= WORK TASK =
What you return should match the data word for word, minus the images.

= INFORMATION SUPPLIED =
——————————

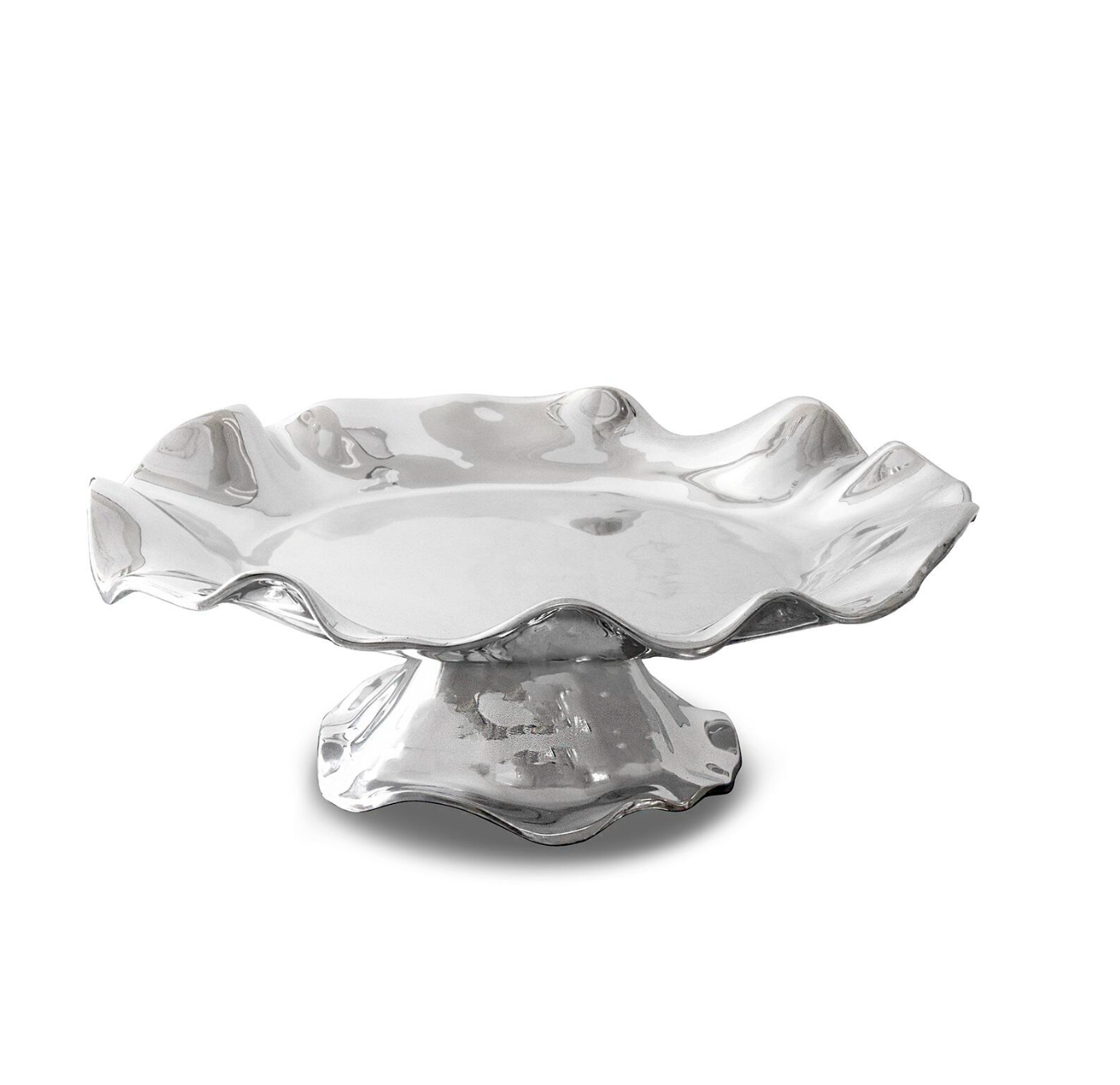 Elevated elegance.Our lovely PEDESTAL Soho ovl Tray is a contemporary classic with a hint of the ancient in its intensely handmade form.Sandcast of gleaming metal, this silver tray makes a stunning statement filled with crackers, olives, or flowers; looks great on the mantle, too!Perfectly proportioned, the piece works with any Beatriz Ball SOHO items.Made of an FDA safe, easy-care 93% aluminum alloy.
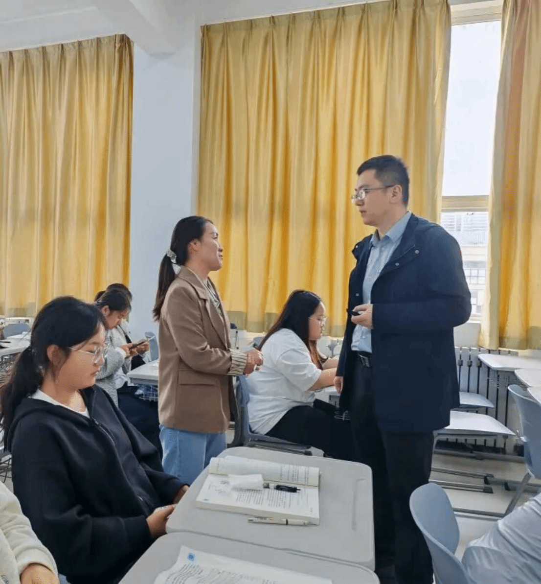 听课教师与王育伟老师课间互动
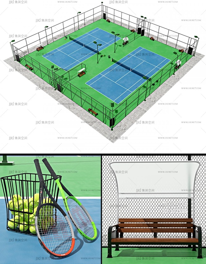 现代室外网球场 3d模型下载 [模型ID:102505]
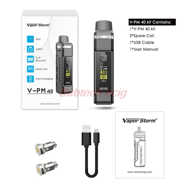Tempête de vapeur VPM 40W Pod Mod kit par 18650 batterie 0.35-0.6ohm 2 bobines 4.8ml Pod système Vape Cigarette électronique VS VINCI X pod
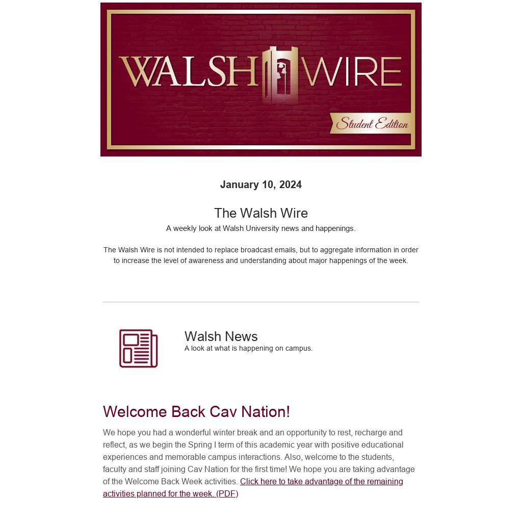 Students may continue to make registration changes during the add/drop periods defined within the Academic Calendar. As a reminder, the last day to add/drop a Full-Term or Spring I course and receive a refund is Friday, Jan. 12 by 12 p.m. You may make the schedule changes through the Cav Center, or by submitting the Request to Add a Course/Request to Drop a Course forms through Walsh E-Forms. Students, faculty, and staff can see real-time information regarding course availability through the Cav Center Class Schedule. This can be found within the Cav Center portal, or within the “Registration Home” module in your student profile. As a reminder, the Walsh University Bookstore will be open until 4 p.m., Wednesday through Friday, this week.
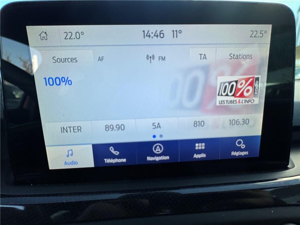 3ème appui-tête AR|3 Modes de conduite sélectionnables : Eco, Normal et Sport|Accoudoir central AR|Accoudoir central AR|Accoudoir central AR avec trappe à ski|Aide au démarrage en côte|Aide au maintien dans la voie|Aide au stationnement AV/AR|Airbags latéraux|Airbags rideaux|Air conditionné automatique bizone|Allumage automatique des feux|Badges latéraux ST-Line|Becquet AV/AR couleur carrosserie|Caméra de recul grand angle|Capteur de pression des pneus TPMS|Ciel de toit noir|Combiné d'instrumentalisation numérique 12.3"|Console centrale avec porte-gobelets|Double sortie d'échappement sport|Entourage des feux noir|E-Shifter - Sélecteur de vitesse rotatif|ESP|Essuie-glaces automatiques et rétroviseur intérieur électrochromique|Feux antibrouillard avec éclairage d'angles|Feux AR halogènes|Feux de jour à LED|Ford KeyFree - accès et démarrage sans clé|Ford KeyFree - accès et démarrage sans clé|Ford KeyFree - accès et démarrage sans clé|FordPass Connect - Modem embarqué - Abonnement gratuit pendant 10 ans|FordPass Connect - Modem embarqué, détail des fonctionnalités disponibles dans l'onglet|FordPass Connect - Modem embarqué, détail des fonctionnalités disponibles dans l'onglet|Freinage automatique post-collision|Frein de parking électrique|Grille de calandre noire ST-Line|HUD - Affichage tête-haute|Inserts exclusifs ST-Line|Jantes alliage 17" ST-Line - 5x2 branches|Joncs de vitres latérales noirs|Kit Carrosserie ST-Line|Kit de réparation|Lampes de lecture LED AV/AR|MyKey Génération 2|Pack Hiver|Pack Parking|Pack Style|Pack Technologie|Palettes au volant|Pare-chocs AV/AR couleur carrosserie|Pédalier Aluminium|Phares AV avec réflecteurs LED|Plaques de seuil de portes avec logo ST-Line|Poignées de portes AV/AR couleur carrosserie|Pommeau de levier de vitesse exclusifs ST-Line|Recharge de téléphone par induction|Régulateur de vitesse avec limiteur intelligent|Rétroviseurs extérieurs chauffants, réglables et rabattables électriquement couleurs carrosserie|Roue de secours galette|Sécurité enfant avec verrouillage électrique des portes AR|Sellerie Tissu spécifique ST-Line avec surpiqûres rouges|Siège conducteur et passager réglable en hauteur avec réglage lombaire|Siège conducteur et passager réglable en hauteur avec réglage lombaire|Siège conducteur réglable en hauteur avec réglage lombaire|Siège passager réglable en hauteur avec réglages lombaire|Suspension Sport|Système de prévention de collision avec détection de piétons et cyclistes|Système multimédia Ford SYNC 3 avec navigation, commandes vocales, DAB, écran tactile 8"|Tapis de sol AV et AR|Vitres AR surteintées|Vitres AV et AR électriques|Volant à méplat|Volant cuir à mé-plat exclusif ST-Line|Volant cuir à mé-plat exclusif ST-Line
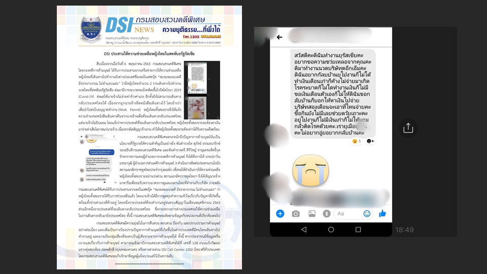 กรมสอบสวนคดีพิเศษ (ดีเเสไอ) รายงานว่า กองคดีการค้ามนุษย์ ได้รับการประสานจากเครือข่ายการให้ความช่วยเหลือหญิงไทยที่เดินทางไปทำงานยังต่างประเทศชื่อเพจในเฟซบุ๊ก “ชมรมหมอนวดดี มีจรรยาบรรณ ไม่ทำแอบแฝง” ว่ามีหญิงไทยจำนวน 2 รายเดินทางไปทำงานนวดไทยที่สหพันธรัฐรัสเซีย ต่อมามีการระบาดของโรคติดเชื้อไวรัสโคโรนา 2019 (Covid-19) ส่งผลให้นายจ้างไม่จ่ายค่าจ้างค่าแรง
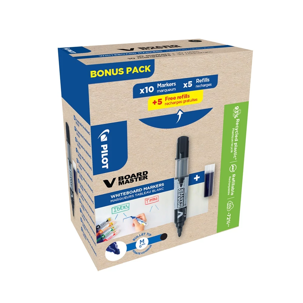 A Pilot márka világszerte ismert a megbízható minőségéről és a precíz technológiájáról. A V-Board Master széria a környezettudatosság és a teljesítmény egyensúlyát képviseli: 90%-ban újrahasznosított anyagból készül, mégis prémium írásképet nyújt.
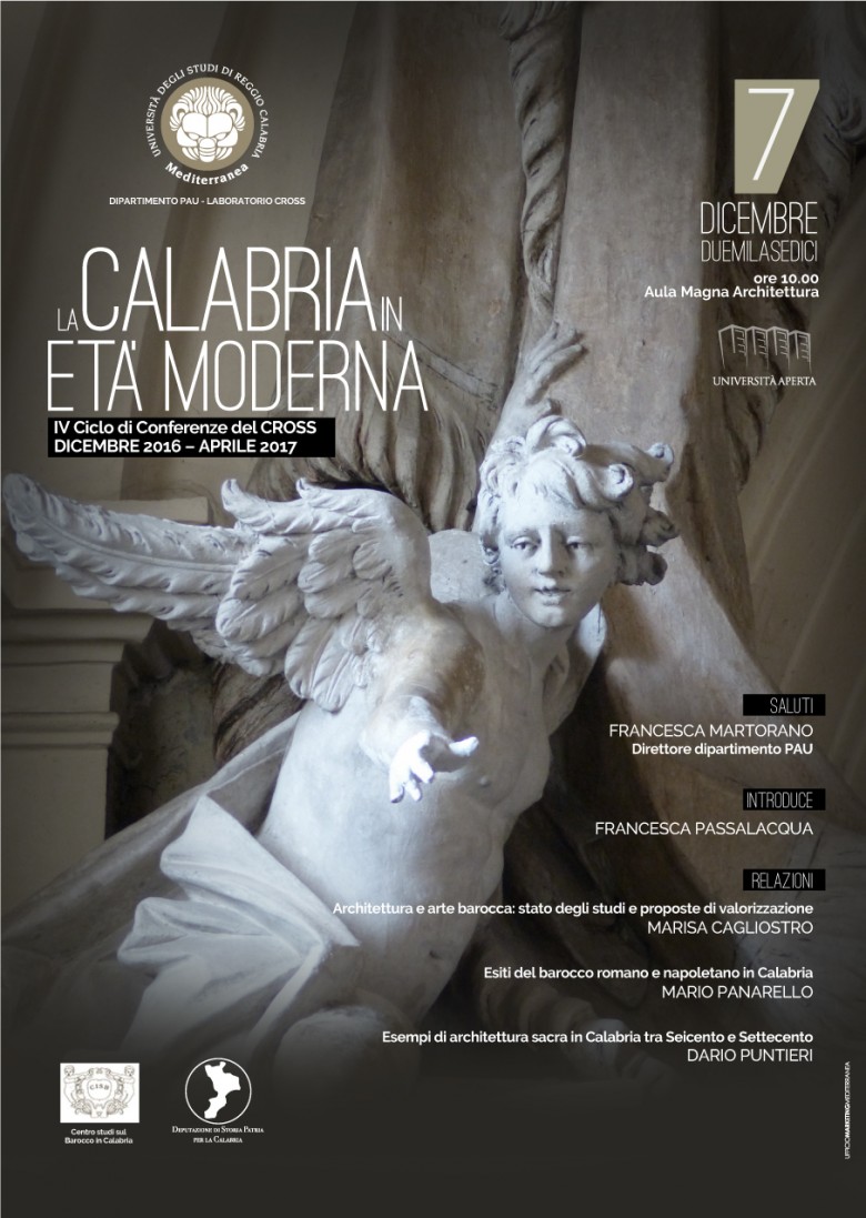 Il Laboratorio Cross, Storia dell’Architettura e Restauro, dell’Università Mediterranea di Reggio Calabria, con il patrocinio della Deputazione di Storia Patria per la Calabria e il Centro Studi sul Barocco in Calabria, avvia un ciclo di conferenze dedicato alla Calabria in età moderna, coordinato da Francesca Passalacqua.

——————————

= REPLY TO THE TASK =
 Elevated elegance.Our lovely PEDESTAL Soho ovl Tray is a contemporary classic with a hint of the ancient in its intensely handmade form.Sandcast of gleaming metal, this silver tray makes a stunning statement filled with crackers, olives, or flowers; looks great on the mantle, too!Perfectly proportioned, the piece works with any Beatriz Ball SOHO items.Made of an FDA safe, easy-care 93% aluminum alloy.
 听课教师与王育伟老师课间互动
 现代室外网球场 3d模型下载 [模型ID:102505]
Tempête de vapeur VPM 40W Pod Mod kit par 18650 batterie 0.35-0.6ohm 2 bobines 4.8ml Pod système Vape Cigarette électronique VS VINCI X pod
 Students may continue to make registration changes during the add/drop periods defined within the Academic Calendar. As a reminder, the last day to add/drop a Full-Term or Spring I course and receive a refund is Friday, Jan. 12 by 12 p.m. You may make the schedule changes through the Cav Center, or by submitting the Request to Add a Course/Request to Drop a Course forms through Walsh E-Forms. Students, faculty, and staff can see real-time information regarding course availability through the Cav Center Class Schedule. This can be found within the Cav Center portal, or within the “Registration Home” module in your student profile. As a reminder, the Walsh University Bookstore will be open until 4 p.m., Wednesday through Friday, this week.
 3ème appui-tête AR|3 Modes de conduite sélectionnables : Eco, Normal et Sport|Accoudoir central AR|Accoudoir central AR|Accoudoir central AR avec trappe à ski|Aide au démarrage en côte|Aide au maintien dans la voie|Aide au stationnement AV/AR|Airbags latéraux|Airbags rideaux|Air conditionné automatique bizone|Allumage automatique des feux|Badges latéraux ST-Line|Becquet AV/AR couleur carrosserie|Caméra de recul grand angle|Capteur de pression des pneus TPMS|Ciel de toit noir|Combiné d'instrumentalisation numérique 12.3"|Console centrale avec porte-gobelets|Double sortie d'échappement sport|Entourage des feux noir|E-Shifter - Sélecteur de vitesse rotatif|ESP|Essuie-glaces automatiques et rétroviseur intérieur électrochromique|Feux antibrouillard avec éclairage d'angles|Feux AR halogènes|Feux de jour à LED|Ford KeyFree - accès et démarrage sans clé|Ford KeyFree - accès et démarrage sans clé|Ford KeyFree - accès et démarrage sans clé|FordPass Connect - Modem embarqué - Abonnement gratuit pendant 10 ans|FordPass Connect - Modem embarqué, détail des fonctionnalités disponibles dans l'onglet|FordPass Connect - Modem embarqué, détail des fonctionnalités disponibles dans l'onglet|Freinage automatique post-collision|Frein de parking électrique|Grille de calandre noire ST-Line|HUD - Affichage tête-haute|Inserts exclusifs ST-Line|Jantes alliage 17" ST-Line - 5x2 branches|Joncs de vitres latérales noirs|Kit Carrosserie ST-Line|Kit de réparation|Lampes de lecture LED AV/AR|MyKey Génération 2|Pack Hiver|Pack Parking|Pack Style|Pack Technologie|Palettes au volant|Pare-chocs AV/AR couleur carrosserie|Pédalier Aluminium|Phares AV avec réflecteurs LED|Plaques de seuil de portes avec logo ST-Line|Poignées de portes AV/AR couleur carrosserie|Pommeau de levier de vitesse exclusifs ST-Line|Recharge de téléphone par induction|Régulateur de vitesse avec limiteur intelligent|Rétroviseurs extérieurs chauffants, réglables et rabattables électriquement couleurs carrosserie|Roue de secours galette|Sécurité enfant avec verrouillage électrique des portes AR|Sellerie Tissu spécifique ST-Line avec surpiqûres rouges|Siège conducteur et passager réglable en hauteur avec réglage lombaire|Siège conducteur et passager réglable en hauteur avec réglage lombaire|Siège conducteur réglable en hauteur avec réglage lombaire|Siège passager réglable en hauteur avec réglages lombaire|Suspension Sport|Système de prévention de collision avec détection de piétons et cyclistes|Système multimédia Ford SYNC 3 avec navigation, commandes vocales, DAB, écran tactile 8"|Tapis de sol AV et AR|Vitres AR surteintées|Vitres AV et AR électriques|Volant à méplat|Volant cuir à mé-plat exclusif ST-Line|Volant cuir à mé-plat exclusif ST-Line
 กรมสอบสวนคดีพิเศษ (ดีเเสไอ) รายงานว่า กองคดีการค้ามนุษย์ ได้รับการประสานจากเครือข่ายการให้ความช่วยเหลือหญิงไทยที่เดินทางไปทำงานยังต่างประเทศชื่อเพจในเฟซบุ๊ก “ชมรมหมอนวดดี มีจรรยาบรรณ ไม่ทำแอบแฝง” ว่ามีหญิงไทยจำนวน 2 รายเดินทางไปทำงานนวดไทยที่สหพันธรัฐรัสเซีย ต่อมามีการระบาดของโรคติดเชื้อไวรัสโคโรนา 2019 (Covid-19) ส่งผลให้นายจ้างไม่จ่ายค่าจ้างค่าแรง
 A Pilot márka világszerte ismert a megbízható minőségéről és a precíz technológiájáról. A V-Board Master széria a környezettudatosság és a teljesítmény egyensúlyát képviseli: 90%-ban újrahasznosított anyagból készül, mégis prémium írásképet nyújt.
 Il Laboratorio Cross, Storia dell’Architettura e Restauro, dell’Università Mediterranea di Reggio Calabria, con il patrocinio della Deputazione di Storia Patria per la Calabria e il Centro Studi sul Barocco in Calabria, avvia un ciclo di conferenze dedicato alla Calabria in età moderna, coordinato da Francesca Passalacqua.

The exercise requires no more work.